— WHAT THIS TASK INVOLVES —
Please reproduce all entries word for word, leaving every image behind.
(DATA FOR THIS TASK)
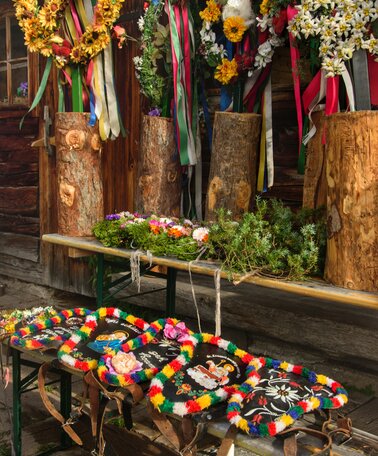 On the day of the cattle drive, the “wreathing” begins early in the morning after milking, including on the Walcheralm at the foot of the Dachstein. As long as the summer has been accident-free and all animals return safely to the valley, the cows will be decorated with lovingly made colorful flower wreaths, ribbons and signs to celebrate the day. In order to send a sign of mourning, in the event of a loss or death, colorful jewelry is avoided and the jewelry is kept dark.
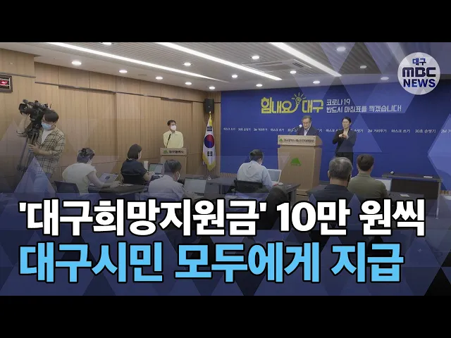 ◀ANC▶대구시가 코로나19로 힘들어하는 모든 시민들에게10만 원의 희망지원금을 지급합니다.지난 1차 긴급생계자금이나정부의 긴급재난지원금 지급 과정에서 나타난 문제점을 보완했다고 합니다.한태연 기자가 보도합니다. ◀END▶ ◀VCR▶대구희망지원금 10만원은대구 시민이면 누구나 받을 수 있습니다.나이·소득·성...
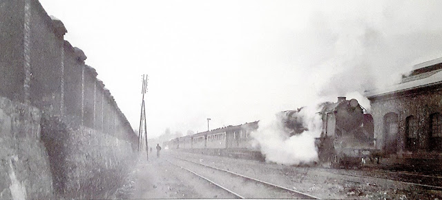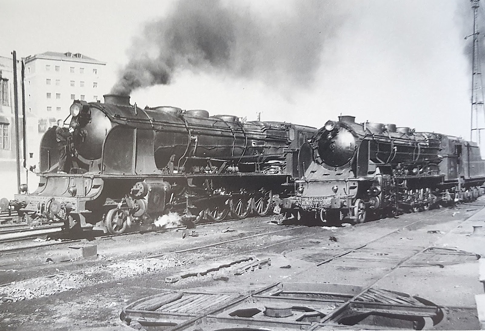| En octubre de 1963 Marshall obtuvo en Valladolid esta interesante imagen de una "montaña" de Norte (la 241-4037 a la izquierda) y otra ya de RENFE y de las que nos ocuparemos en una entrada posterior (la 241- 4093) |
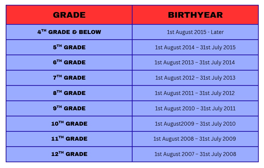 - Middle School 7th-8th grades: Players born 2011 through 2013 (Players with birthdates BEFORE August 2011 MUST play in the High School JV division or higher).
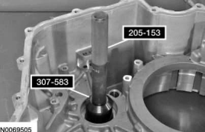 2. Using the Handle 205-153 and the Oil Dam Seal Installer 307-583, install the transfer shaft fluid dam in the transaxle case.
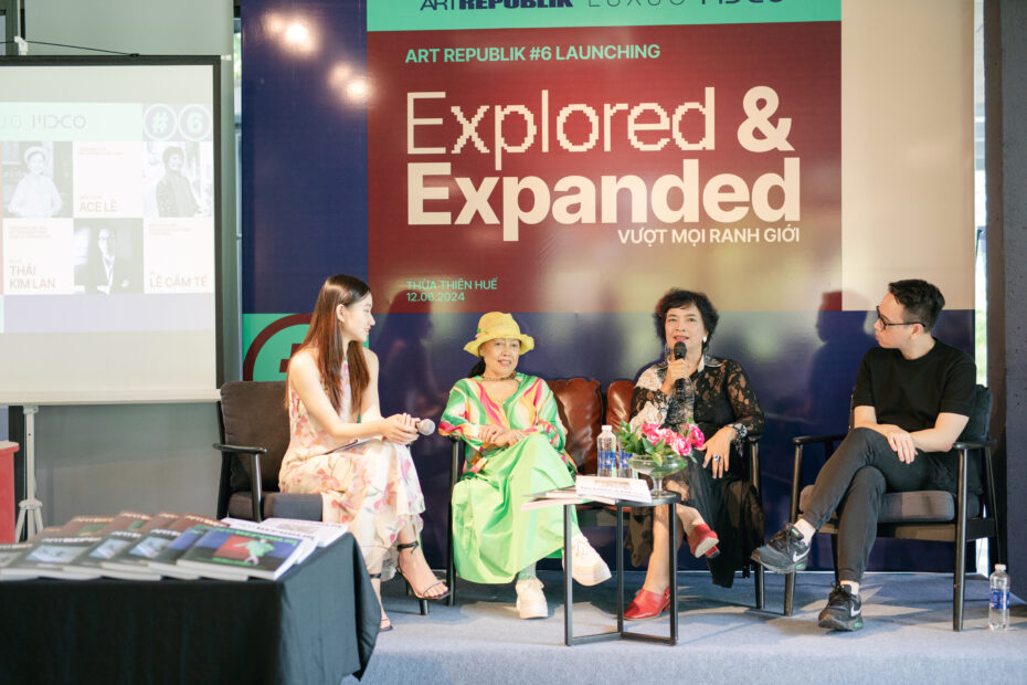Nằm trong khuôn khổ sự kiện, buổi Art Talk “Vượt mọi ranh giới –: Explored & Expanded” có sự góp mặt của ba vị diễn giả, gồm: GS. TS. Thái Kim Lan, chủ nhân của Lan Viên Cố Tích – Bảo tàng Gốm cổ Sông Hương; cô Lê Cẩm Tế, Nhà sáng lập Không gian Lưu niệm Lê Bá Đảng; và anh Ace Lê, Giám tuyển và Tổng biên tập Art Republik Vietnam. Nhìn lại hành trình chông gai mà mỗi vị diễn giả đã trải qua để sáng lập nên các tổ chức, không gian nghệ thuật và lưu dấu di sản cho nền nghệ thuật Việt Nam, ba diễn giả đã trở thành minh chứng sống cho chủ đề của ấn phẩm Art Republik #6: “Vượt mọi ranh giới – Explored & Expanded”.
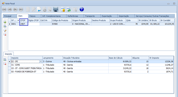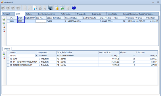 Nele, será necessário configurar o CFOP ou CFOP mais Dígito das operações que integra o IPI na base de cálculo do ICMS, separando-os por vírgula, quando houver mais de uma operação.
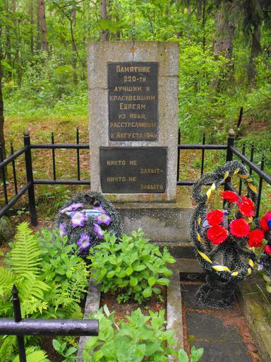 | Keywords: Ghetto Iuje 4b.jpg ru Памятник мемо иального комплекса на месте убийства 220 ев еев Ивье нацистами и полицаями 2 августа 1941 года аходится ядом с Ивье у де евни Стоневичи у очище Стоневичи у до оги H-6147 2012-06-15 own Vadim Akopyan 53 928197 25 810582 cc-zero Ghetto Iuje Uploaded with UploadWizard |
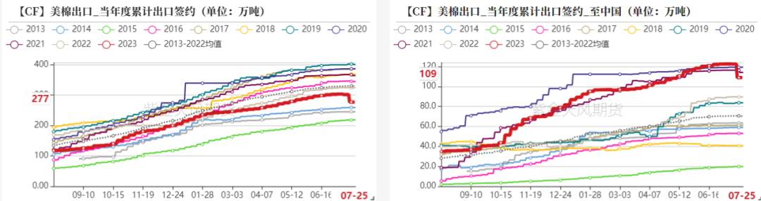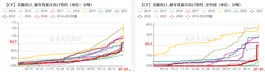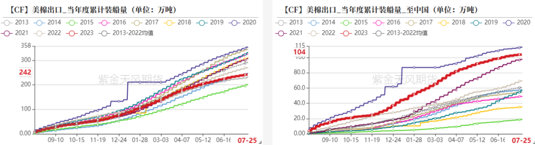 截止7月25日当周,2023/24美陆地棉周度取消签约24.63万吨,取消签约量骤增22.95万吨,较前四周平均水平降3645%;其中中国取消签约13.55万吨,巴基斯坦8.37万吨;(排除年度末结转的影响,本周美棉签约净增6.1万吨,环比增27%,其中中国1.2万吨,整体签约表现环比在好转)
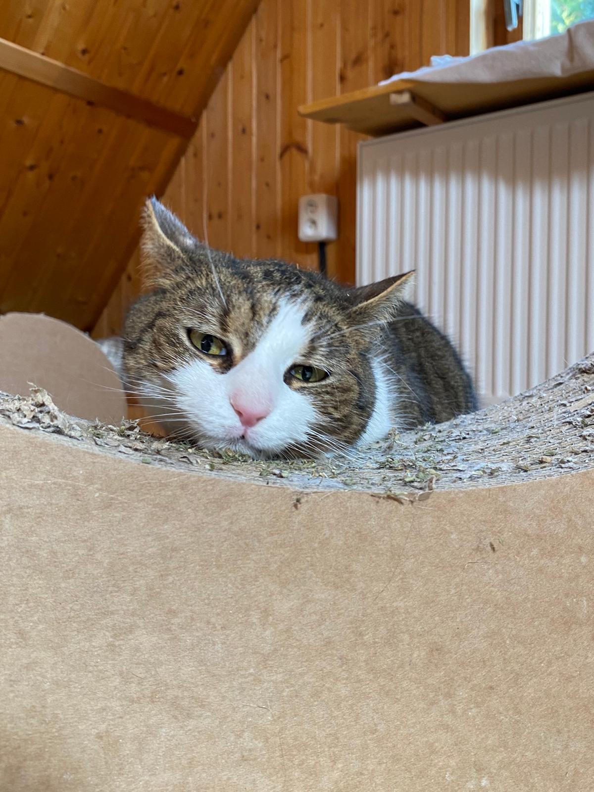 Kašpárek je pětiletý milý a jemný kocourek, který si užívá mazlení a povídání s člověkem, rád si i lebedí u člověka za krkem, i když to není žádný mrňous. I když v minulé domácnosti žil s kocourem a kočkou, ve větší skupině se necítí dobře. Byl by rád za domov s bezpečným přístupem ven, na okně tu zpívá balady o svobodě. Je očkovaný, čipovaný, kastrovaný.
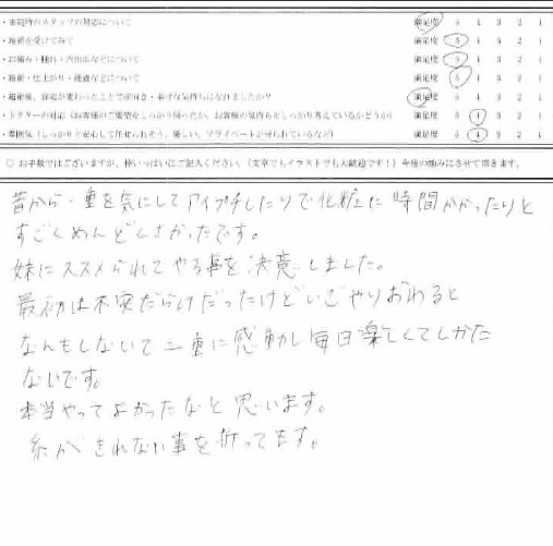 最初は不安だらけだったけど、いざやりおわると、なんもしないで二重に感動し、毎日が楽しくてしかたないです。
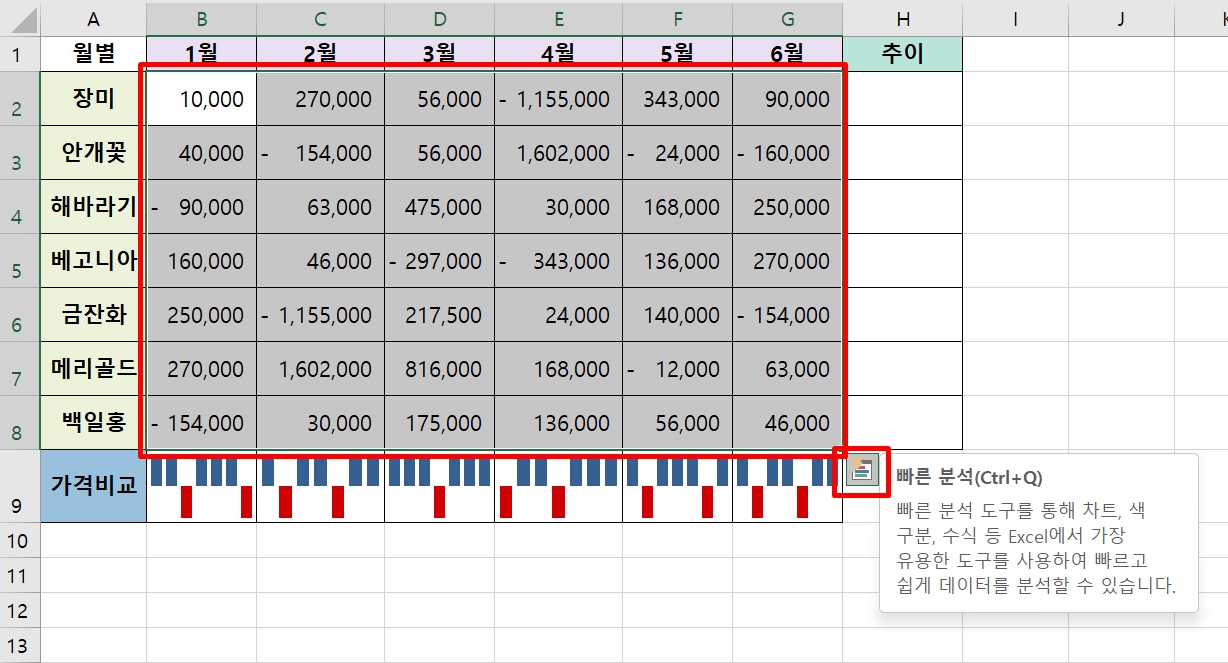 [빠른 분석]을 사용하면, 지정한 범위의 오른쪽 옆에 스파크라인을 삽입한다.
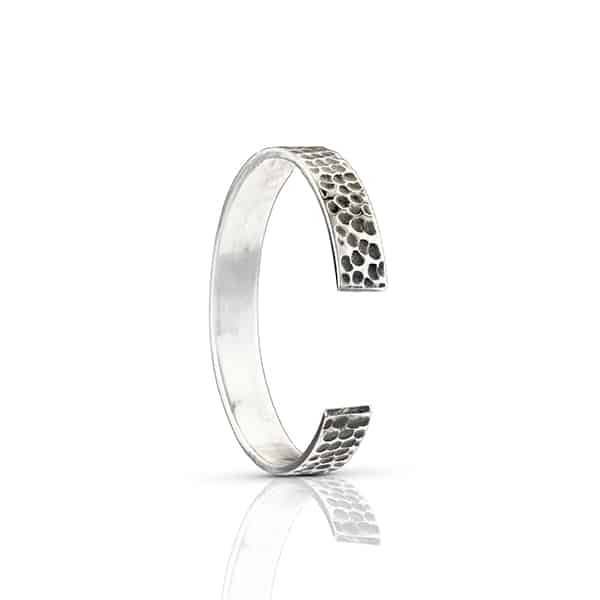 This cuff bracelet blends a classic royal form with a rich, distressed finish. The piece is crafted from sterling silver with a rustic platinum finish and features a captivating, hammered texture that gives it a unique feel.
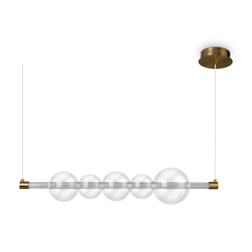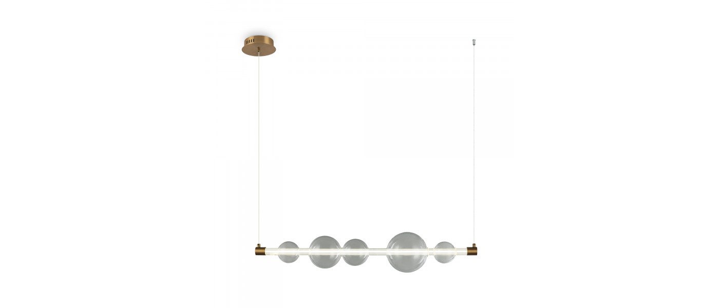 Арматура - металл, цвет - латунь. Стеклянные плафоны в виде сдвоенных матовых “шариков” дополнены широкими декоративными плафонами из стекла двух оттенков: дымчатый и янтарный. LED-источник света. Цветовая температура - 3000К. Светильники подойдут для светлых интерьеров и детских комнат...
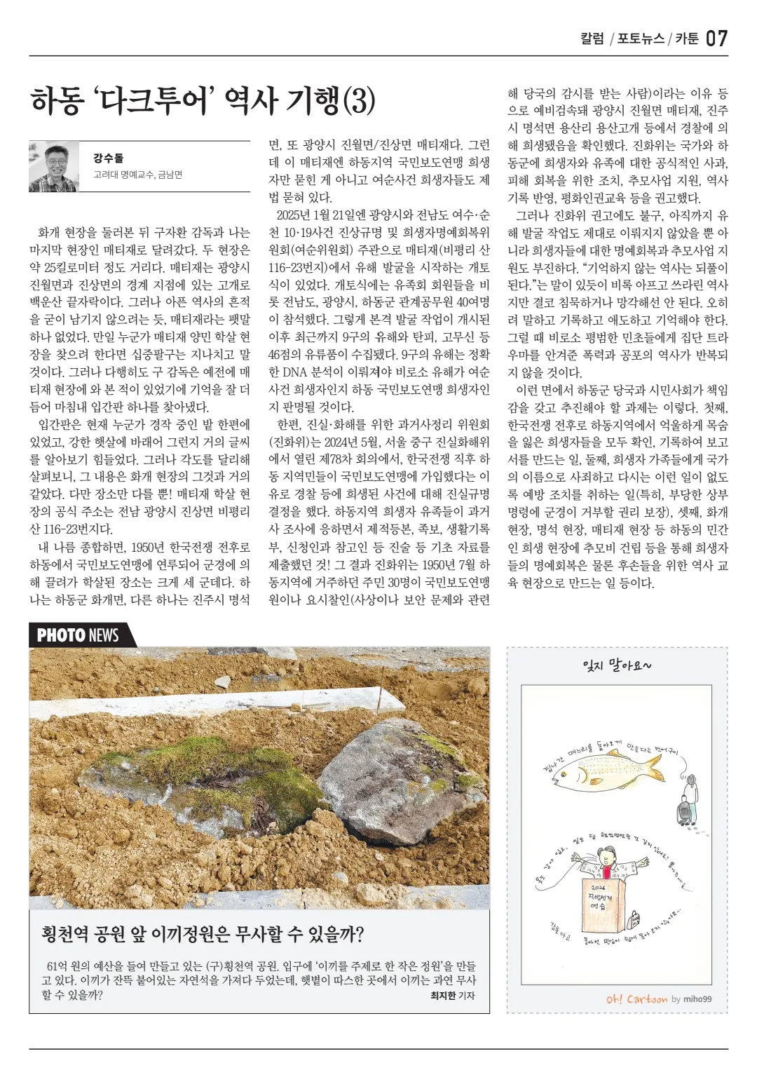 한편, 진실·화해를 위한 과거사정리 위원회(진화위)는 2024년 5월, 서울 중구 진실화해위에서 열린 제78차 회의에서, 한국전쟁 직후 하동 지역민들이 국민보도연맹에 가입했다는 이유로 경찰 등에 희생된 사건에 대해 진실규명 결정을 했다. 하동지역 희생자 유족들이 과거사 조사에 응하면서 제적등본, 족보, 생활기록부, 신청인과 참고인 등 진술 등 기초 자료를 제출했던 것! 그 결과 진화위는 1950년 7월 하동지역에 거주하던 주민 30명이 국민보도연맹원이나 요시찰인(사상이나 보안 문제와 관련해 당국의 감시를 받는 사람)이라는 이유 등으로 예비검속돼 광양시 진월면 매티재, 진주시 명석면 용산리 용산고개 등에서 경찰에 의해 희생됐음을 확인했다. 진화위는 국가와 하동군에 희생자와 유족에 대한 공식적인 사과, 피해 회복을 위한 조치, 추모사업 지원, 역사기록 반영, 평화인권교육 등을 권고했다.
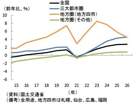 2026年1月1日時点の公示地価は、全用途平均(全国)が前年比+2.8%と、25年(同+2.7%)と概ね同じ上昇率となりました。内訳をみると、相対的な広さや職場環境と自然環境のバランスへの評価などから、高い上昇率が続いてきた地方の中核都市(地方四市:札幌、仙台、広島、福岡)では、土地代や建築コストなどの上昇と販売価格のバランスもあってか、上昇率が落ち着いてきました。三大都市圏については、東京圏・大阪圏の商業地が高めの上昇率となったことを受けて、上昇率がやや加速しました。
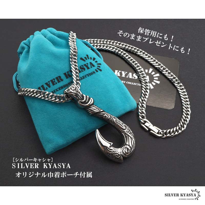 ステンレス フィッシュフックネックレス 釣り針ネックレス ハワイアン カレイキニ 6面カット ダブル喜平チェーン ごつめ 重厚 大ぶり 金属アレルギー対応 爆買
(End DATA FOR THIS TASK)
— ANSWER AREA —
 On the day of the cattle drive, the “wreathing” begins early in the morning after milking, including on the Walcheralm at the foot of the Dachstein. As long as the summer has been accident-free and all animals return safely to the valley, the cows will be decorated with lovingly made colorful flower wreaths, ribbons and signs to celebrate the day. In order to send a sign of mourning, in the event of a loss or death, colorful jewelry is avoided and the jewelry is kept dark.
 ◀ANC▶대구시가 코로나19로 힘들어하는 모든 시민들에게10만 원의 희망지원금을 지급합니다.지난 1차 긴급생계자금이나정부의 긴급재난지원금 지급 과정에서 나타난 문제점을 보완했다고 합니다.한태연 기자가 보도합니다. ◀END▶ ◀VCR▶대구희망지원금 10만원은대구 시민이면 누구나 받을 수 있습니다.나이·소득·성...
| En octubre de 1963 Marshall obtuvo en Valladolid esta interesante imagen de una "montaña" de Norte (la 241-4037 a la izquierda) y otra ya de RENFE y de las que nos ocuparemos en una entrada posterior (la 241- 4093) |
 - Middle School 7th-8th grades: Players born 2011 through 2013 (Players with birthdates BEFORE August 2011 MUST play in the High School JV division or higher).
 2. Using the Handle 205-153 and the Oil Dam Seal Installer 307-583, install the transfer shaft fluid dam in the transaxle case.
Nằm trong khuôn khổ sự kiện, buổi Art Talk “Vượt mọi ranh giới –: Explored & Expanded” có sự góp mặt của ba vị diễn giả, gồm: GS. TS. Thái Kim Lan, chủ nhân của Lan Viên Cố Tích – Bảo tàng Gốm cổ Sông Hương; cô Lê Cẩm Tế, Nhà sáng lập Không gian Lưu niệm Lê Bá Đảng; và anh Ace Lê, Giám tuyển và Tổng biên tập Art Republik Vietnam. Nhìn lại hành trình chông gai mà mỗi vị diễn giả đã trải qua để sáng lập nên các tổ chức, không gian nghệ thuật và lưu dấu di sản cho nền nghệ thuật Việt Nam, ba diễn giả đã trở thành minh chứng sống cho chủ đề của ấn phẩm Art Republik #6: “Vượt mọi ranh giới – Explored & Expanded”.
 Nele, será necessário configurar o CFOP ou CFOP mais Dígito das operações que integra o IPI na base de cálculo do ICMS, separando-os por vírgula, quando houver mais de uma operação.
 | Keywords: Ghetto Iuje 4b.jpg ru Памятник мемо иального комплекса на месте убийства 220 ев еев Ивье нацистами и полицаями 2 августа 1941 года аходится ядом с Ивье у де евни Стоневичи у очище Стоневичи у до оги H-6147 2012-06-15 own Vadim Akopyan 53 928197 25 810582 cc-zero Ghetto Iuje Uploaded with UploadWizard |
 截止7月25日当周,2023/24美陆地棉周度取消签约24.63万吨,取消签约量骤增22.95万吨,较前四周平均水平降3645%;其中中国取消签约13.55万吨,巴基斯坦8.37万吨;(排除年度末结转的影响,本周美棉签约净增6.1万吨,环比增27%,其中中国1.2万吨,整体签约表现环比在好转)
 Kašpárek je pětiletý milý a jemný kocourek, který si užívá mazlení a povídání s člověkem, rád si i lebedí u člověka za krkem, i když to není žádný mrňous. I když v minulé domácnosti žil s kocourem a kočkou, ve větší skupině se necítí dobře. Byl by rád za domov s bezpečným přístupem ven, na okně tu zpívá balady o svobodě. Je očkovaný, čipovaný, kastrovaný.
 最初は不安だらけだったけど、いざやりおわると、なんもしないで二重に感動し、毎日が楽しくてしかたないです。
 [빠른 분석]을 사용하면, 지정한 범위의 오른쪽 옆에 스파크라인을 삽입한다.
 This cuff bracelet blends a classic royal form with a rich, distressed finish. The piece is crafted from sterling silver with a rustic platinum finish and features a captivating, hammered texture that gives it a unique feel.
 Арматура - металл, цвет - латунь. Стеклянные плафоны в виде сдвоенных матовых “шариков” дополнены широкими декоративными плафонами из стекла двух оттенков: дымчатый и янтарный. LED-источник света. Цветовая температура - 3000К. Светильники подойдут для светлых интерьеров и детских комнат...
 한편, 진실·화해를 위한 과거사정리 위원회(진화위)는 2024년 5월, 서울 중구 진실화해위에서 열린 제78차 회의에서, 한국전쟁 직후 하동 지역민들이 국민보도연맹에 가입했다는 이유로 경찰 등에 희생된 사건에 대해 진실규명 결정을 했다. 하동지역 희생자 유족들이 과거사 조사에 응하면서 제적등본, 족보, 생활기록부, 신청인과 참고인 등 진술 등 기초 자료를 제출했던 것! 그 결과 진화위는 1950년 7월 하동지역에 거주하던 주민 30명이 국민보도연맹원이나 요시찰인(사상이나 보안 문제와 관련해 당국의 감시를 받는 사람)이라는 이유 등으로 예비검속돼 광양시 진월면 매티재, 진주시 명석면 용산리 용산고개 등에서 경찰에 의해 희생됐음을 확인했다. 진화위는 국가와 하동군에 희생자와 유족에 대한 공식적인 사과, 피해 회복을 위한 조치, 추모사업 지원, 역사기록 반영, 평화인권교육 등을 권고했다.
 2026年1月1日時点の公示地価は、全用途平均(全国)が前年比+2.8%と、25年(同+2.7%)と概ね同じ上昇率となりました。内訳をみると、相対的な広さや職場環境と自然環境のバランスへの評価などから、高い上昇率が続いてきた地方の中核都市(地方四市:札幌、仙台、広島、福岡)では、土地代や建築コストなどの上昇と販売価格のバランスもあってか、上昇率が落ち着いてきました。三大都市圏については、東京圏・大阪圏の商業地が高めの上昇率となったことを受けて、上昇率がやや加速しました。
 ステンレス フィッシュフックネックレス 釣り針ネックレス ハワイアン カレイキニ 6面カット ダブル喜平チェーン ごつめ 重厚 大ぶり 金属アレルギー対応 爆買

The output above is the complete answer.